Но глухой и не думал слушать его: он надел свой коротенький ватник, туго подпоясался и надвинул на уши шапку. Потом потянул жену портного за рукав:
— Ну вот, я иду… к Вове-мельнику на мельницу!..
Но та только метнула на него злобный взгляд и проворчала:
— Иди, иди ко всем чертям!.. Чтоб тебе живым не вернуться!
А глухой без конца кивал и повторял:
— Да, да, на мельницу к Вове-мельнику…
Неторопливо прошел он через городок, взял влево и ускорил шаг, спускаясь в уединенный лог, где метель крутила, вздымала снег и мчалась в дикой пляске вокруг мельницы.
Сторож, закутанный в тулуп, стал в воротах и не хотел впускать глухого. Тот вступил с ним в драку, избил его, но и ему досталось изрядно. Наконец явился урядник и передал глухого двум сотским.
Однажды выдалась тихая морозная ночь под вызвездившимся небом.
Рано на заре на розвальнях ехали евреи. Они ехали на ярмарку в близлежащий город. Кругом было тихо.
Справа спал невозмутимым сном христианский погост. В чистом утреннем небе гасли звезды.
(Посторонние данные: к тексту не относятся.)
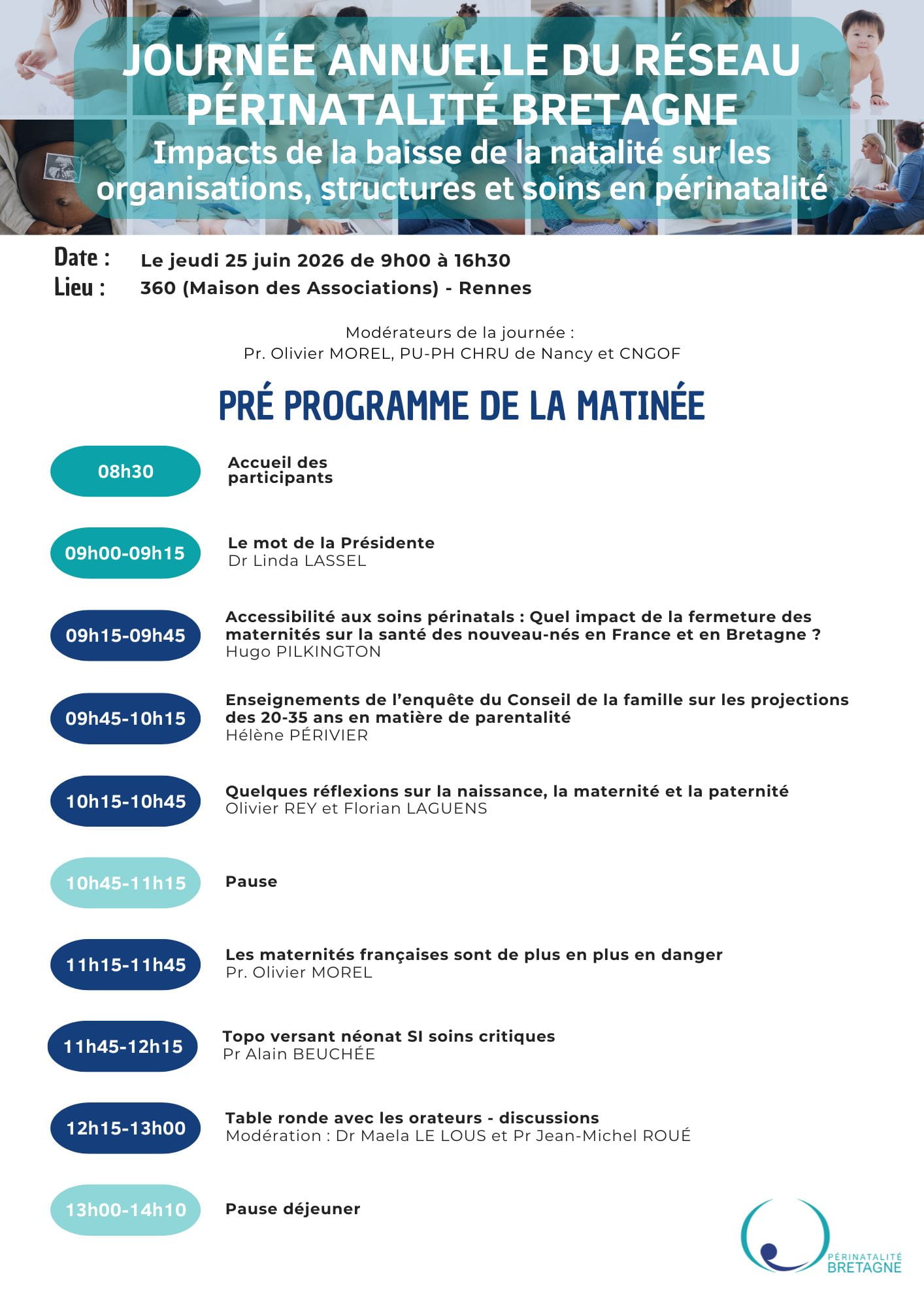 Chaque édition met en lumière un thème spécifique : Brest (2022) sur l’annonce d’une mort fœtale, Vannes (2023) sur la santé mentale périnatale, Saint-Brieuc (2024) sur les morts maternelles et les facteurs humains et organisationnels en santé. En 2025 à Rennes, les échanges furent enrichis par des présentations consacrées à la santé mentale des soignants et à la communication au sein des équipes.

Евреи роняли сонные головы на грудь, и все их мысли были сосредоточены на одном: «Пошли бог удачную ярмарку!»
И вдруг, недалеко от белого дома Вове-мельника, захрапела одна из лошадей, рванулась в сторону, и тотчас послышалось отчаянное:
— Тпру!
Седоки, страшно испуганные, очнулись от дремоты. Закричали:
— Что случилось?
Возница стоял возле дрожавшей лошади и сонно ругался.
— Ах, чтоб тебе! — без конца повторял он. — Чуть человека не задавили!
Люди окружили распростертое на снегу тело и, наклонившись над ним, узнали глухого.
Он лежал, подняв сутулые плечи, перепоясанный поверх ватника, с надвинутой на уши шапкой, в руке у него был топор.
Он еще дышал. Положив на сани, его повезли домой — что еще оставалось делать?
Евреи, огорченные, глядели на слабо алевший восток и сетовали:
— Опоздали на ярмарку. Опоздали, как бог свят!
Весь городок узнал о случившемся, только об этом и было речи.
— Что же тут удивительного? Не иначе, как глухой задумал убить Вове-мельника.
Нашелся даже очевидец, который своими рассказами нагнал на мельника еще больше страха.
— Дайте вспомнить, когда это было… Я проходил поздним вечером мимо дома Вове-мельника и вдруг вижу — человек лезет через забор. Я перепугался и убежал.
И это еще не все: жена портняжки жаловалась, что по утрам находит входную дверь открытой.
Вове-мельник нанял в сторожа здоровенного мужика, и тот целыми ночами колотил палкой по забору.
Глухой две недели провалялся на своей койке в сырой кухне. Кто-то сжалился над ним и позвал к нему врача — сытого, добродушного молодого доктора с маленькими усиками и умными черными глазами. Он долго сидел возле глухого, этот любезный сытый доктор, долго смотрел на равнодушное лицо глухого и терпеливо слушал визгливую и хриплую хозяйку.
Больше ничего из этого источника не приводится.